If Flagstar had lacked standing to bring the action, then the filing of that action was a nullity and the debt had not been accelerated (see 21st Mtge. Corp. v Rudman , ––– AD3d ––––, 2022 NY Slip Op 00031 [2d Dept 2022] ; HSBC Bank USA, N.A. v Spitz , ––– AD3d ––––, 156 N.Y.S.3d 867 [2d Dept 2022] ), but here there can be no claim that there was a lack of standing in the 2011 action. The record demonstrates that plaintiff's predecessor in interest had standing to commence the 2011 action, as a copy of the consolidated note endorsed to Flagstar was attached to the certificate of merit filed with the summons and complaint (see Deutsche Bank Natl. Trust Co. v Smartenko, 199 AD3d 643 [2d Dept 2021] ).

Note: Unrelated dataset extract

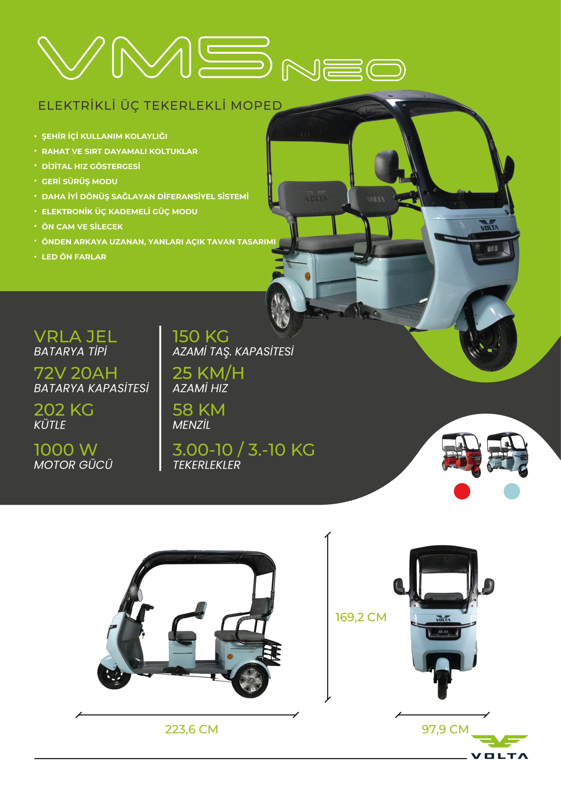 Volta VM5 Neo, şehir içi ulaşıma özel olarak geliştirilen yenilikçi bir elektrikli 3 tekerlekli motosiklet modelidir. 1000W gücündeki elektrikli motoru, günlük kullanımda yüksek performans ve sessiz sürüş avantajı sunarken, 25 km/h azami hızı ile güvenli ve dengeli bir deneyim sağlar. Kompakt boyutları, rahat oturma düzeni ve kullanıcı dostu kontrolleri sayesinde hem bireysel kullanıcılar hem de yaşlı veya mobilite desteği arayanlar için ideal bir seçenektir.
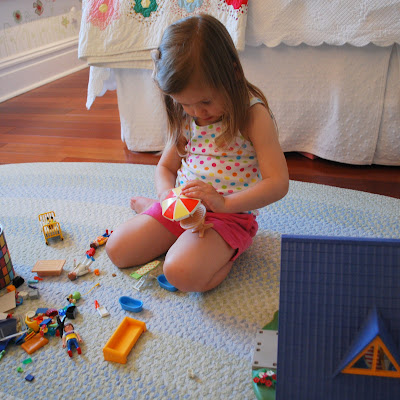 So when her big sis takes off with Dad for awhile, the first place she wants to go is E’s room. Out comes the playmobil – and she delights in the joy of an hour of freedom, with no one dictating the play or squeezing those delicious arms, baby soft as they might be. I just sit back and watch this transformation in amazement. The first child has complete control of their personal space – to play alone, or to climb into a parent’s lap when closeness is desired. It’s a harder fought battle for #2. I think she realizes this, and revels that much more in the slices of individual space that she sometimes gets. And I love watching who she is in these moments – I’ve missed them of late by having to work again on Fridays. I have to work – much like her sister does – to not swoop in and join the fun. She needs this time to do her own thing, be her own master of play.

Plaintiff claims it has standing to commence the present action, and even if defendant raised triable issues of facts as to plaintiff's standing, she failed to present evidence that plaintiff had no standing as required for dismissal of the complaint (see Wells Fargo Bank, N.A. v Lefkowitz , 171 AD3d 843 [2d Dept 2019] ). There is no proof, or claim, of a voluntary discontinuance of the 2011 action as in Freedom Mortgage Corp. v Engel , supra.
Instead, plaintiff argues that the 2011 action was a nullity by virtue of being dismissed by the Appellate Division "for improper acceleration," and therefore, in the absence of an acceleration of the entire debt, plaintiff was free to commence a new action. That argument is rejected. Contrary to plaintiff's characterization, the dismissal of the prior action was for failure to comply with the pre-foreclosure notice requirements of RPAPL § 1304, not for improper acceleration. The mere dismissal of an action has been held not be an act revoking acceleration (see Federal Natl. Mtge. Assn. v Woolstone , 196 AD3d 548 [2d Dept 2021] ; Nationstar Mtge., LLC v Weisz , 195 AD3d 934 [2d Dept 2021] ; HSBC Bank USA, N.A. v Hochstrasser , 193 AD3d 915 [2d Dept 2021] ; see also 53rd Street, LLC v. U.S. Bank National Association , 8 F4th 74 [2d Cir, 2021] ). While compliance with RPAPL § 1304 is a condition precedent to the commencement of a foreclosure action, it is not part of plaintiff's prima facie case and is not jurisdictional (see Bank of Am., N.A. v Cord , 168 AD3d 896 [2d Dept 2019] ; U.S. Bank N.A. v Carey , 137 AD3d 894 [2d Dept 2016] ). The court could find no authority holding that dismissal on RPAPL § 1304 grounds is an affirmative act of revocation of acceleration or renders the action a nullity as would lack of standing. In fact, dismissal of an action for failure to meet a condition precedent does not render it a nullity (see generally Parker v Mack , 61 NY2d 114 [1984] ; Carrick v Central Gen. Hosp. , 51 NY2d 242 [1980] ). Plaintiff has therefore failed to rebut defendant's prima facie showing, requiring dismissal of the action.
Accordingly, plaintiff's motion is denied and upon searching the record, the Court dismisses plaintiff's complaint. Plaintiff's proposed order is marked "Not Signed."
The foregoing constitutes the decision and order of the Court.